DATA EXCERPTS START

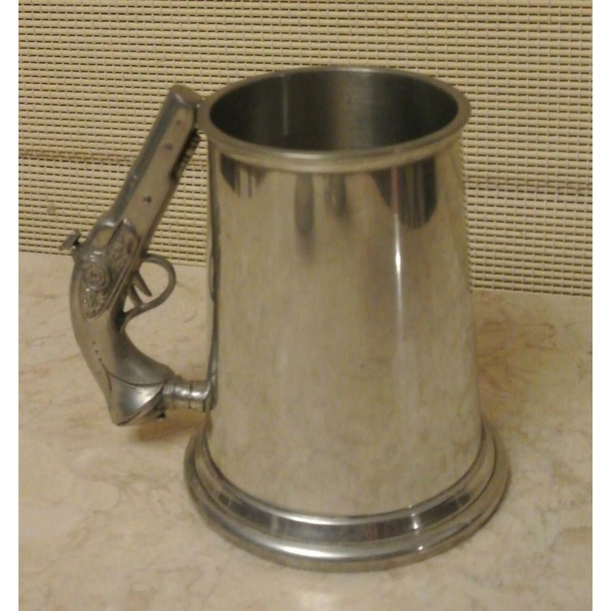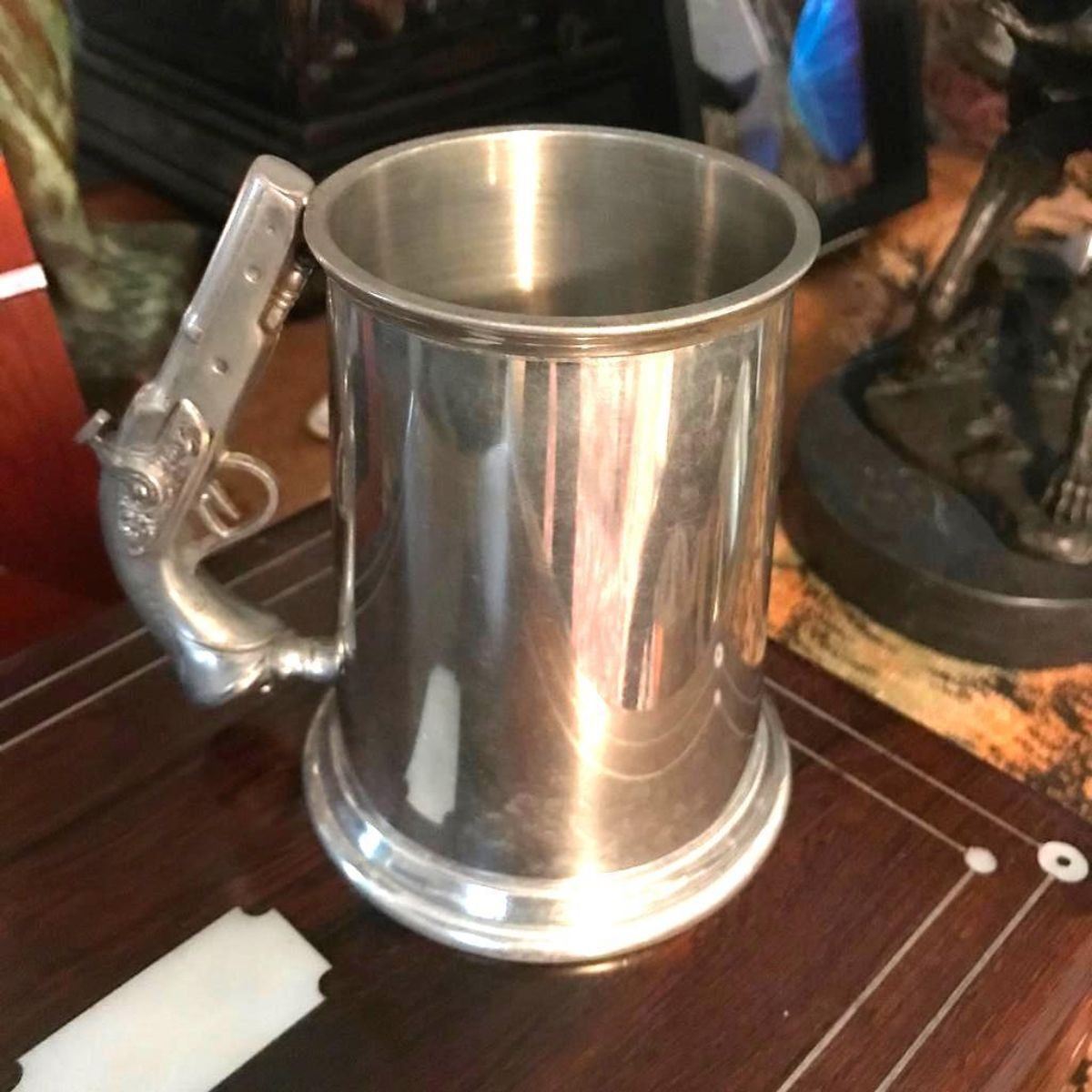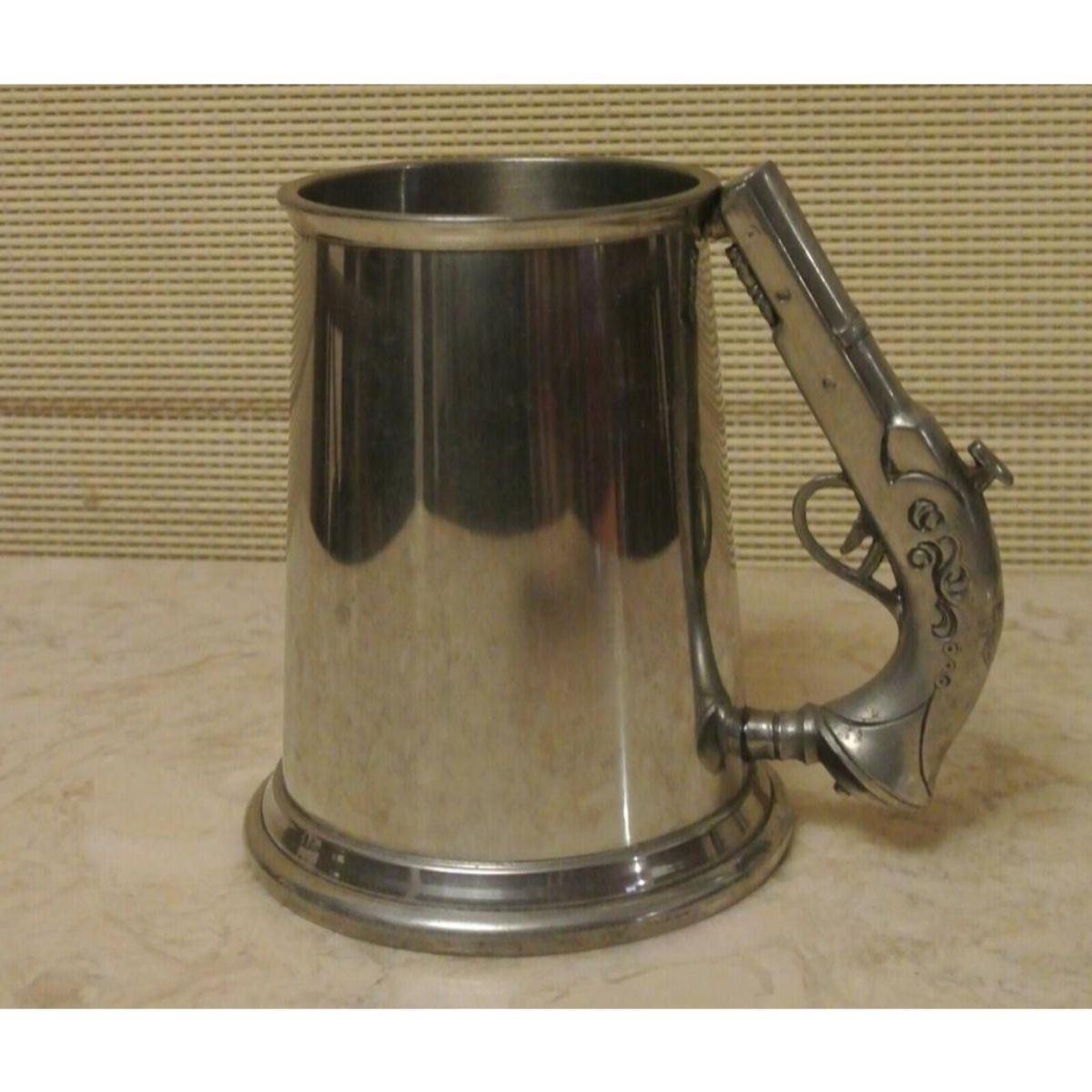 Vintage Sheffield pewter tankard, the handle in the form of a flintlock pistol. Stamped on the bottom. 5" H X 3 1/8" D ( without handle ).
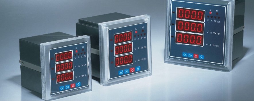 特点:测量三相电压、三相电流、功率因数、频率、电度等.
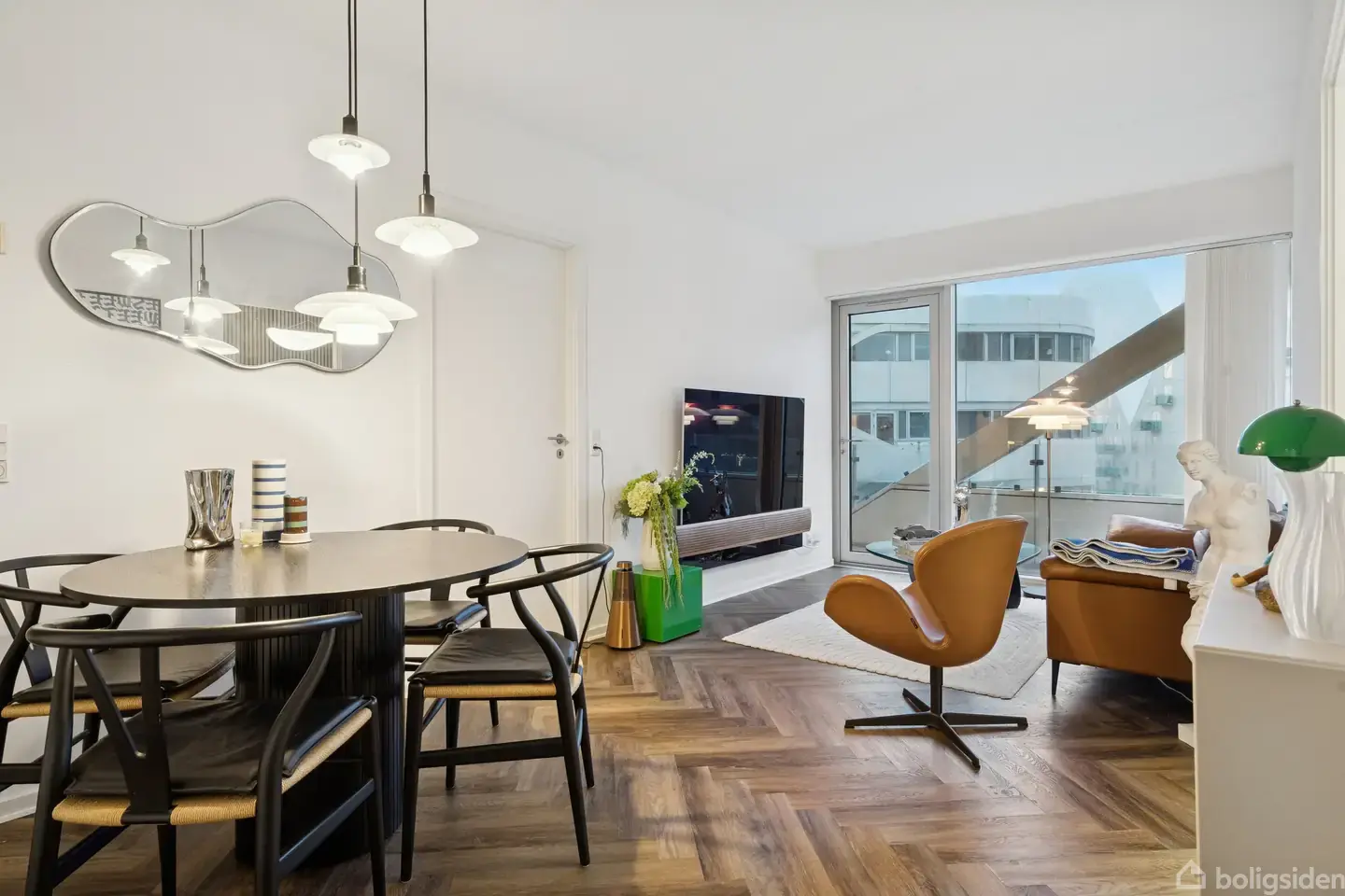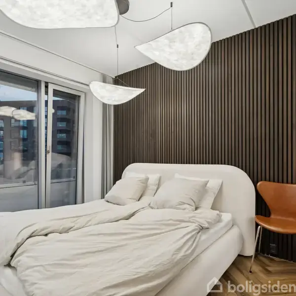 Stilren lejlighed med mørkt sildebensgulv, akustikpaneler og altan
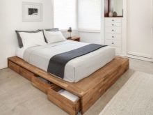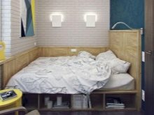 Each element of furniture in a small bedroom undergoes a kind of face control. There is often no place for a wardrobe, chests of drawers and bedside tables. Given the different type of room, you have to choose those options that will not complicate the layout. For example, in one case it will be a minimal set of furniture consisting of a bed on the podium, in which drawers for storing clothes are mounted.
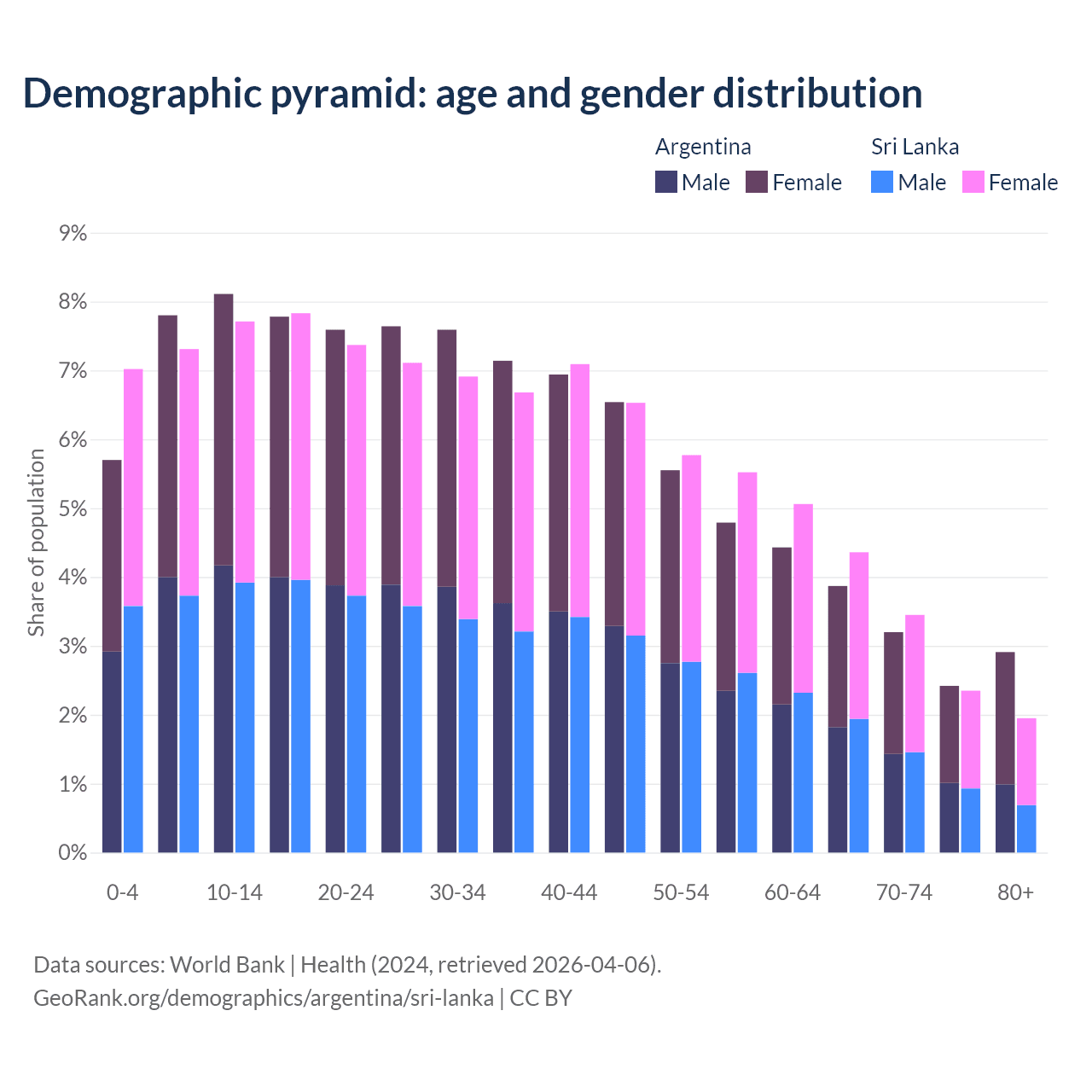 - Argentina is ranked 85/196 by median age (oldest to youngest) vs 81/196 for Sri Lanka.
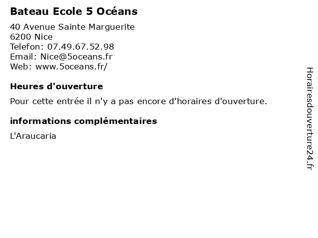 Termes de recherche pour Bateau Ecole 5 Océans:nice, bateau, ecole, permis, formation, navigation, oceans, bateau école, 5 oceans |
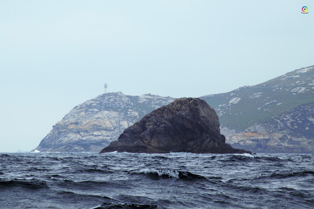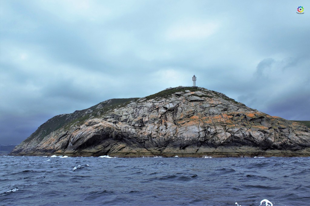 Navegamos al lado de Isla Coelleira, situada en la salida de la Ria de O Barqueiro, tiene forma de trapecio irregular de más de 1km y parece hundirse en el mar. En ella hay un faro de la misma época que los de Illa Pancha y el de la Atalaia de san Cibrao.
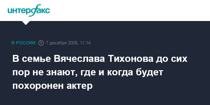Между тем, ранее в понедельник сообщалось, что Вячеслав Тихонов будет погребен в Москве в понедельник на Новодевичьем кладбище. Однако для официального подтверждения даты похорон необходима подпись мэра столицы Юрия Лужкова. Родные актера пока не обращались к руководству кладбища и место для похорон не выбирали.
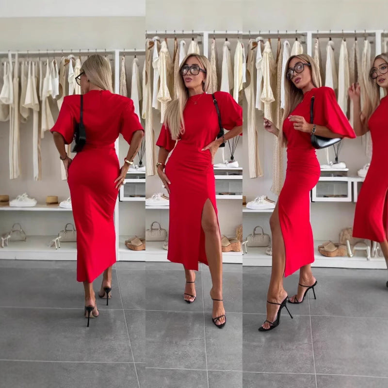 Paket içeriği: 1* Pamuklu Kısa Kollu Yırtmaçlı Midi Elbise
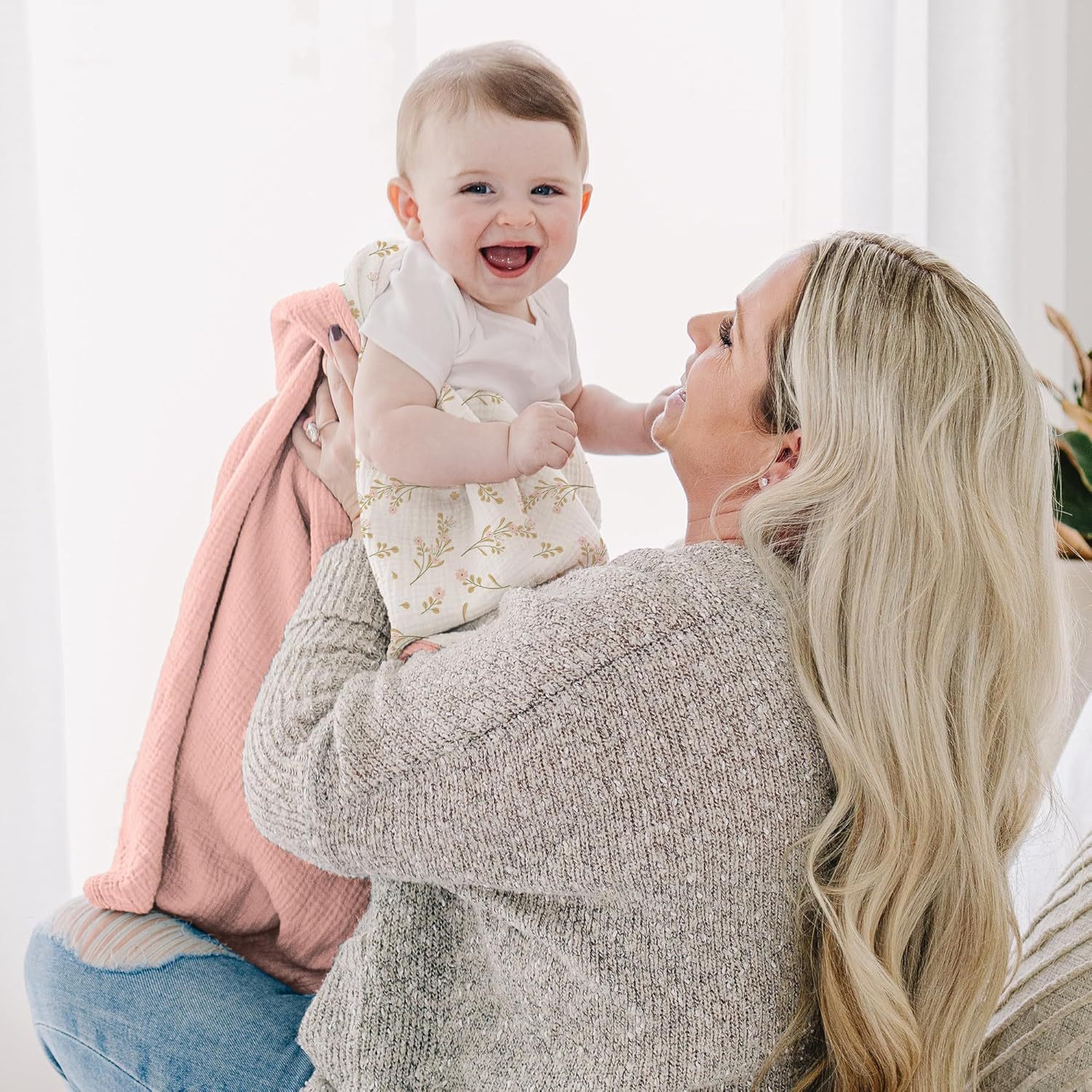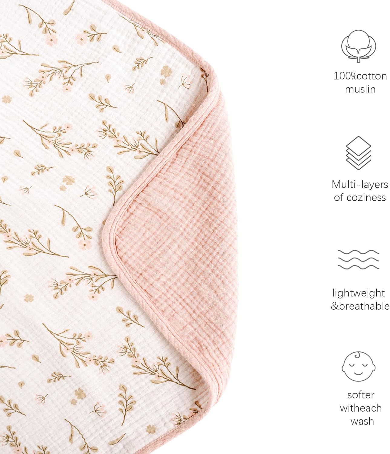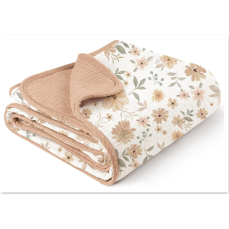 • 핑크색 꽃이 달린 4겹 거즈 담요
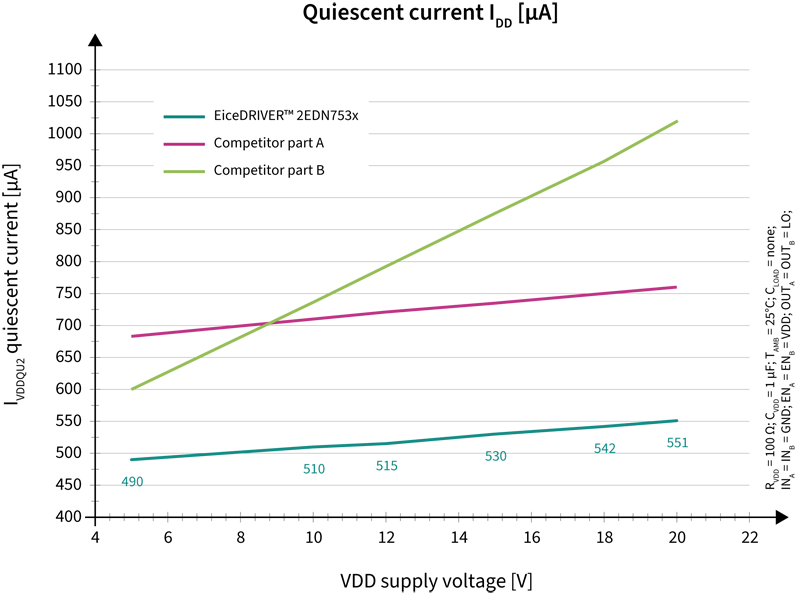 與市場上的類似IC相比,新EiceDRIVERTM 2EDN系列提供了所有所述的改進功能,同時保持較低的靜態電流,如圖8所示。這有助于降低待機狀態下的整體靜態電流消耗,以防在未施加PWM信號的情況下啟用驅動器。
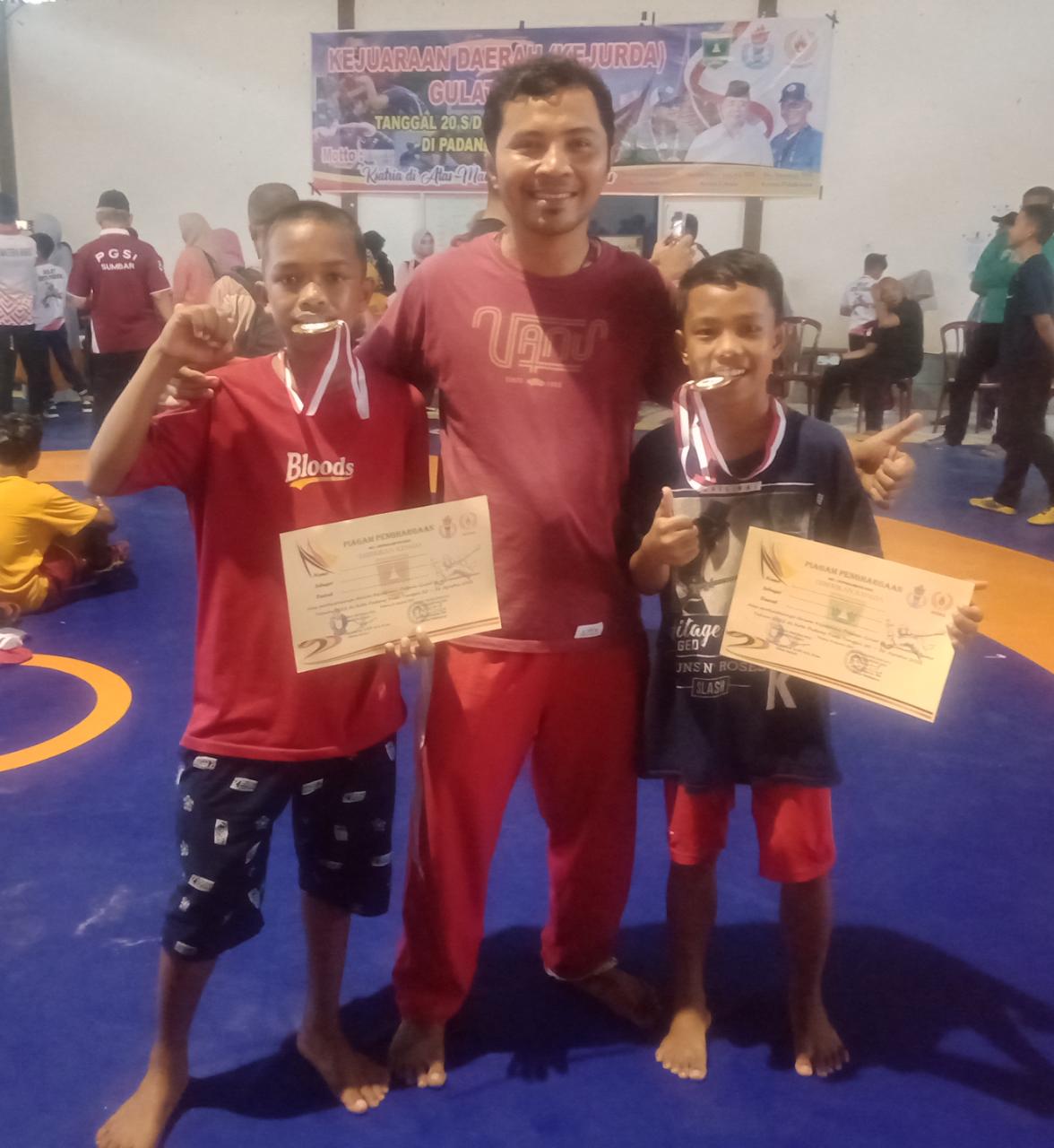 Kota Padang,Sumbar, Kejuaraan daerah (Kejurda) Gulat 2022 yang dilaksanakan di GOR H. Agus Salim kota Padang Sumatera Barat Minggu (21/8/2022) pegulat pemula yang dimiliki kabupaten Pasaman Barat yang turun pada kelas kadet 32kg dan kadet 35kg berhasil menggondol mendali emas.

DATA EXCERPTS END

** INSTRUCTIONS TO FOLLOW **
Skipping every picture, transcribe exactly the lines above from the one containing "Stilren lejlighed med" through the one containing "Между тем, ранее", both included.

** SOLUTION TO THE PROBLEM **
 Stilren lejlighed med mørkt sildebensgulv, akustikpaneler og altan
 Each element of furniture in a small bedroom undergoes a kind of face control. There is often no place for a wardrobe, chests of drawers and bedside tables. Given the different type of room, you have to choose those options that will not complicate the layout. For example, in one case it will be a minimal set of furniture consisting of a bed on the podium, in which drawers for storing clothes are mounted.
 - Argentina is ranked 85/196 by median age (oldest to youngest) vs 81/196 for Sri Lanka.
 Termes de recherche pour Bateau Ecole 5 Océans:nice, bateau, ecole, permis, formation, navigation, oceans, bateau école, 5 oceans |
 Navegamos al lado de Isla Coelleira, situada en la salida de la Ria de O Barqueiro, tiene forma de trapecio irregular de más de 1km y parece hundirse en el mar. En ella hay un faro de la misma época que los de Illa Pancha y el de la Atalaia de san Cibrao.
Между тем, ранее в понедельник сообщалось, что Вячеслав Тихонов будет погребен в Москве в понедельник на Новодевичьем кладбище. Однако для официального подтверждения даты похорон необходима подпись мэра столицы Юрия Лужкова. Родные актера пока не обращались к руководству кладбища и место для похорон не выбирали.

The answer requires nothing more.